Diver: Large Language Model Decoding with Span-Level Mutual Information Verification
Jinliang Lu, Chen Wang, Jiajun Zhang
TL;DR
Diver tackles the fidelity gap in LLM decoding by introducing span-level PMI verification, which selects candidate spans at divergence points based on both the standard model likelihood and PMI gains computed from input spans. By generating dynamic token spans and re-ranking with PMI, Diver improves faithfulness across a wide range of tasks and models, including machine translation, constrained generation, QA, summarization, dialogue, story generation, and code generation. Empirical results show consistent gains over vanilla decoding and contrastive methods, with notable improvements for distant language pairs and high-information inputs, though at the cost of additional decoding time. The work highlights the practicality of span-level verification and points to speed-up avenues such as smaller verification models and speculative decoding to balance quality and throughput.
Abstract
Large language models (LLMs) have shown impressive capabilities in adapting to various tasks when provided with task-specific instructions.
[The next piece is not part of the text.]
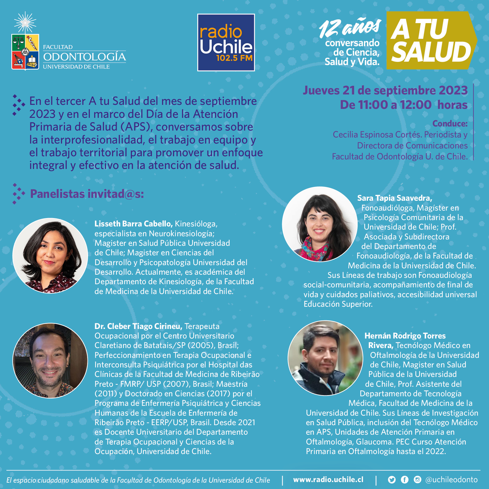 (Miguel Claro 509, Providencia)En el tercer A tu Salud del mes de septiembre de 2023 y en el marco del Día de la Atención Primaria de Salud (APS), conversamos sobre la interprofesionalidad, el trabajo en equipo y el trabajo territorial para promover un enfoque integral y efectivo en la atención de salud.

However, LLMs using standard decoding strategies often struggle with deviations from the inputs. Intuitively, compliant LLM outputs should reflect the information present in the input, which can be measured by point-wise mutual information (PMI) scores. Therefore, we propose Diver, a novel approach that enhances LLM Decoding through span-level PMI verification. During inference, Diver first identifies divergence steps that may lead to multiple candidate spans. Subsequently, it calculates the PMI scores by assessing the log-likelihood gains of the input if the candidate spans are generated. Finally, the optimal span is selected based on the PMI re-ranked output distributions. We evaluate our method across various downstream tasks, and empirical results demonstrate that Diver significantly outperforms existing decoding methods in both performance and versatility.